Task goal:
Range to copy from the entries below: the line containing "Edytor tapety: Białe" through the line containing "Comme je vous", inclusive. Retype only those lines, exactly, without any images.

Data shown:
^^^^^^^^
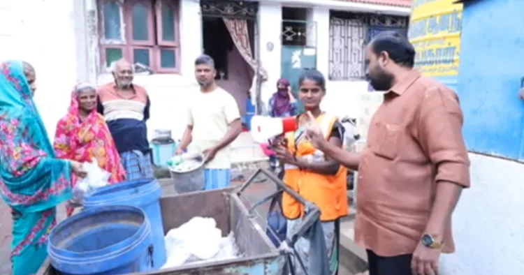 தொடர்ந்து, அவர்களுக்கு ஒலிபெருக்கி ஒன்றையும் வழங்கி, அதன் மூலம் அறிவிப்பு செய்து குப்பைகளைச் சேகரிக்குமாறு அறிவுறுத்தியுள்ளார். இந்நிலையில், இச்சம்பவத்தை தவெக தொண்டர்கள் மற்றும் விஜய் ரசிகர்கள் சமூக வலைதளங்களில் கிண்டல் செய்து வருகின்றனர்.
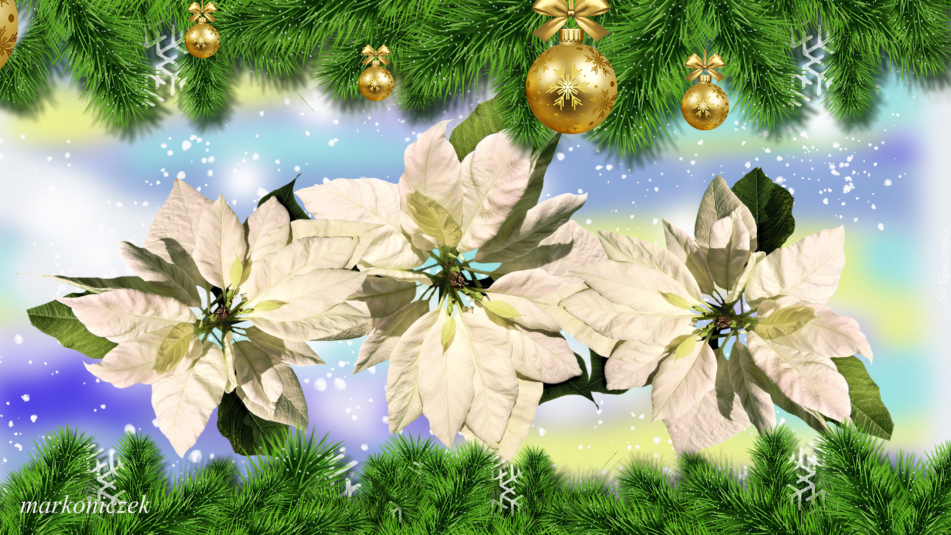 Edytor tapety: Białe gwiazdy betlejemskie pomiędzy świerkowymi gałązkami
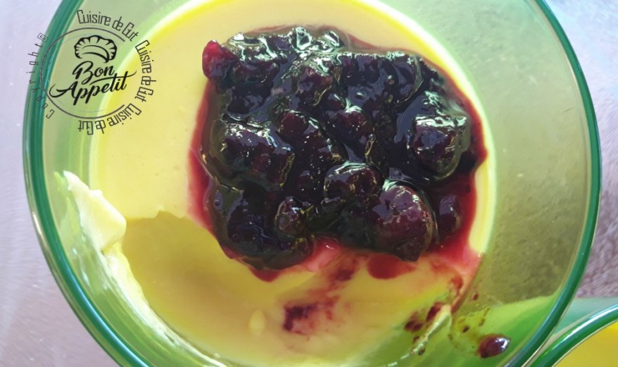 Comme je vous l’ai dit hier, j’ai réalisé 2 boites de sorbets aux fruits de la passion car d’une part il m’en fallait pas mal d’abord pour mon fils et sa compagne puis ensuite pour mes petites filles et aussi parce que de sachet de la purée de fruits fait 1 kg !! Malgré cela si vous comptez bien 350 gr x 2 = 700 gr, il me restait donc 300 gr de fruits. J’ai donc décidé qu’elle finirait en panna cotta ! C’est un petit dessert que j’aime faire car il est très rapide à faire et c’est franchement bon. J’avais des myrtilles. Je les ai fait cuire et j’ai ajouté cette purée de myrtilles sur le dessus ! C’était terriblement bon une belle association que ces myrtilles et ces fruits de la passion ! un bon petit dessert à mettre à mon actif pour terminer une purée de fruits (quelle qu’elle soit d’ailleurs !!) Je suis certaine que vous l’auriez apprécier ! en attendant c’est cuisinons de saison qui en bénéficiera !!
^^^^^^^^
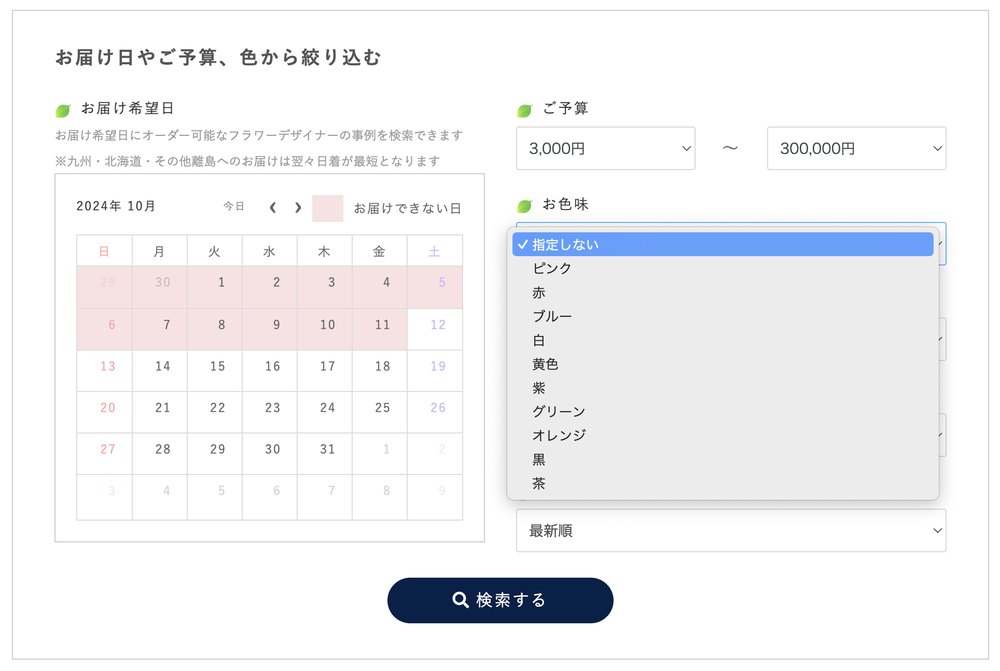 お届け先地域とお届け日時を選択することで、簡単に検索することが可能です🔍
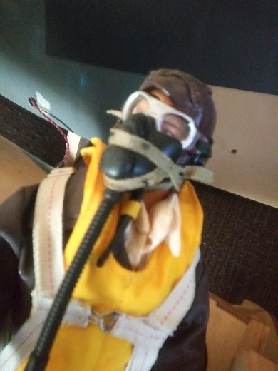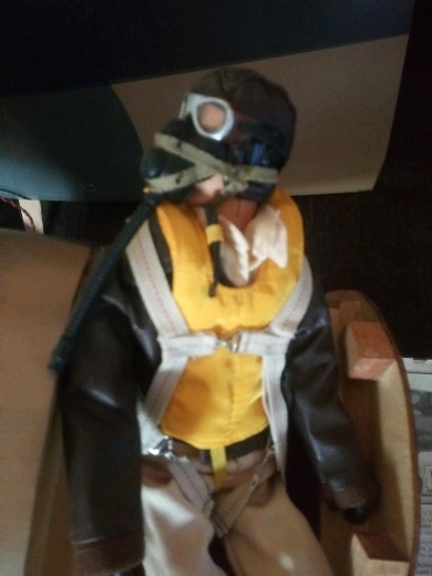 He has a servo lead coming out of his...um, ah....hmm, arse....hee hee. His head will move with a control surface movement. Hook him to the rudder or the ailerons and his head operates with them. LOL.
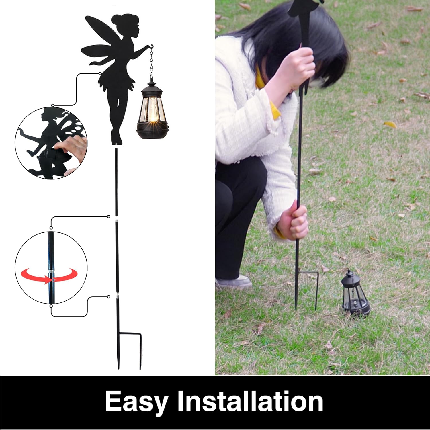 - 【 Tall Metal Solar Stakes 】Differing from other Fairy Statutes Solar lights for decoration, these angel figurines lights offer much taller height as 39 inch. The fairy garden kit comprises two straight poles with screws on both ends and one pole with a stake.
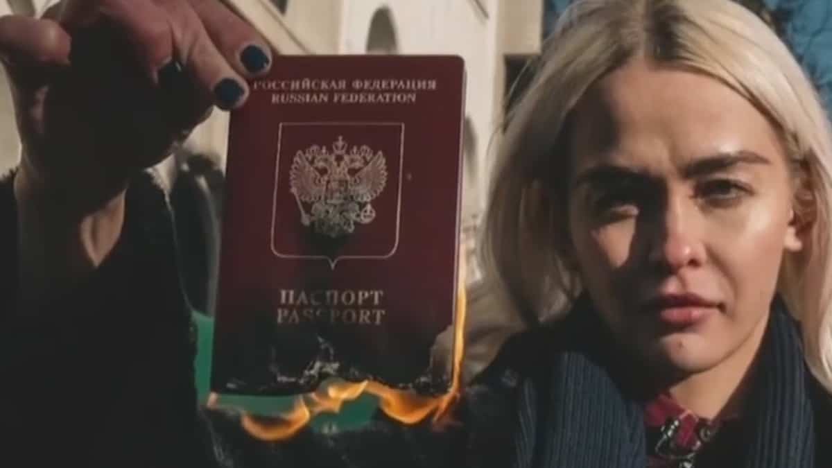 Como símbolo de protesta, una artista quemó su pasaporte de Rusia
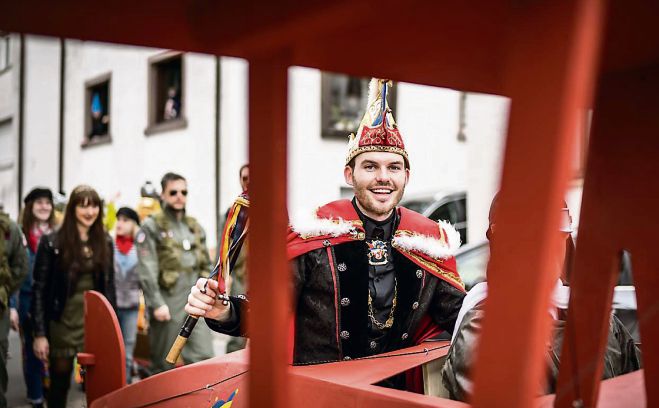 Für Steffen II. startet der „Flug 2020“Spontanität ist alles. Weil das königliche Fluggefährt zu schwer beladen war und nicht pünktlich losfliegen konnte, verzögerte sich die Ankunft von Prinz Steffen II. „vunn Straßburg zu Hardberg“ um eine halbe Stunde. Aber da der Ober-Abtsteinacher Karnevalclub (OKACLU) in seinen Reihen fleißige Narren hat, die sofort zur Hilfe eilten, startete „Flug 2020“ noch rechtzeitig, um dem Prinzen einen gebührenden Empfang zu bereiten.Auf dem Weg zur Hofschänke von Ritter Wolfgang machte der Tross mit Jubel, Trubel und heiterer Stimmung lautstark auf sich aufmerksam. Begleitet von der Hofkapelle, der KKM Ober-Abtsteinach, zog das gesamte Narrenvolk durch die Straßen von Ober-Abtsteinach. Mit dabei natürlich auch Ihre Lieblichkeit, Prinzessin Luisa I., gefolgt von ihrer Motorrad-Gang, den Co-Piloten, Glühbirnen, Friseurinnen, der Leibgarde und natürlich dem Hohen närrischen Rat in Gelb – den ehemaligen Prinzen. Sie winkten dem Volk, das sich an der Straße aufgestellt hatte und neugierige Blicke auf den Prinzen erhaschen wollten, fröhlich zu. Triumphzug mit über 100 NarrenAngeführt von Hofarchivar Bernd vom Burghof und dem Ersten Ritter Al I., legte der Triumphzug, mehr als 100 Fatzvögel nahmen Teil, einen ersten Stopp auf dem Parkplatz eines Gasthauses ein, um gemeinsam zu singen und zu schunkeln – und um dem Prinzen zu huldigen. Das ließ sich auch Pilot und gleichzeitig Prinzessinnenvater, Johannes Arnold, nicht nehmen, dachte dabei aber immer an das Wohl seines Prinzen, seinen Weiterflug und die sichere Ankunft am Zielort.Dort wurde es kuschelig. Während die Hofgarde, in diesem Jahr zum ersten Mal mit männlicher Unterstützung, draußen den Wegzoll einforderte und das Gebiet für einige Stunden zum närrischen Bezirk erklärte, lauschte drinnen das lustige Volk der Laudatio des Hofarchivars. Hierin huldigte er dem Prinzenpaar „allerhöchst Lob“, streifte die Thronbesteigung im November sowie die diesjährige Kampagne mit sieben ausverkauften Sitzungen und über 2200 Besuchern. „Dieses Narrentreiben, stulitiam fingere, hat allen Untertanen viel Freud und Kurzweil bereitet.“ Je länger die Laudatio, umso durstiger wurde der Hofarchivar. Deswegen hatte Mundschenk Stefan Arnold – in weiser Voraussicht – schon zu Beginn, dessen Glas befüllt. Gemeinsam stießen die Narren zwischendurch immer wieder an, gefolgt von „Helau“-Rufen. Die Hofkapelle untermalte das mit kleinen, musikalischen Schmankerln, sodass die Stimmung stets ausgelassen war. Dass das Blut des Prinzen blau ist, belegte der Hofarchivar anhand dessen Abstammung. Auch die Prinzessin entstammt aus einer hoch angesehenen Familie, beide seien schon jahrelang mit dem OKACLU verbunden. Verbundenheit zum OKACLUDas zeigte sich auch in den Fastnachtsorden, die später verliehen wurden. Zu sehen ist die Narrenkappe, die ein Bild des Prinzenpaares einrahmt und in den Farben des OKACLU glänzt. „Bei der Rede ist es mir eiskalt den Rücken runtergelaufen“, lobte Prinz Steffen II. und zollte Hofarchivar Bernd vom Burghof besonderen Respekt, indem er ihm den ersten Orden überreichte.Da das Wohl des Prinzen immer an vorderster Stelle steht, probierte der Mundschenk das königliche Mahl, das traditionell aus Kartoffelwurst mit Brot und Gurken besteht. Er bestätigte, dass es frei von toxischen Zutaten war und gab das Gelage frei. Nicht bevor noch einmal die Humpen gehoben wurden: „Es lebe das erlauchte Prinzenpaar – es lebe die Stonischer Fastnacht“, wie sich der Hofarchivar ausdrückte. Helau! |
^^^^^^^^
Task result:
 Edytor tapety: Białe gwiazdy betlejemskie pomiędzy świerkowymi gałązkami
 Comme je vous l’ai dit hier, j’ai réalisé 2 boites de sorbets aux fruits de la passion car d’une part il m’en fallait pas mal d’abord pour mon fils et sa compagne puis ensuite pour mes petites filles et aussi parce que de sachet de la purée de fruits fait 1 kg !! Malgré cela si vous comptez bien 350 gr x 2 = 700 gr, il me restait donc 300 gr de fruits. J’ai donc décidé qu’elle finirait en panna cotta ! C’est un petit dessert que j’aime faire car il est très rapide à faire et c’est franchement bon. J’avais des myrtilles. Je les ai fait cuire et j’ai ajouté cette purée de myrtilles sur le dessus ! C’était terriblement bon une belle association que ces myrtilles et ces fruits de la passion ! un bon petit dessert à mettre à mon actif pour terminer une purée de fruits (quelle qu’elle soit d’ailleurs !!) Je suis certaine que vous l’auriez apprécier ! en attendant c’est cuisinons de saison qui en bénéficiera !!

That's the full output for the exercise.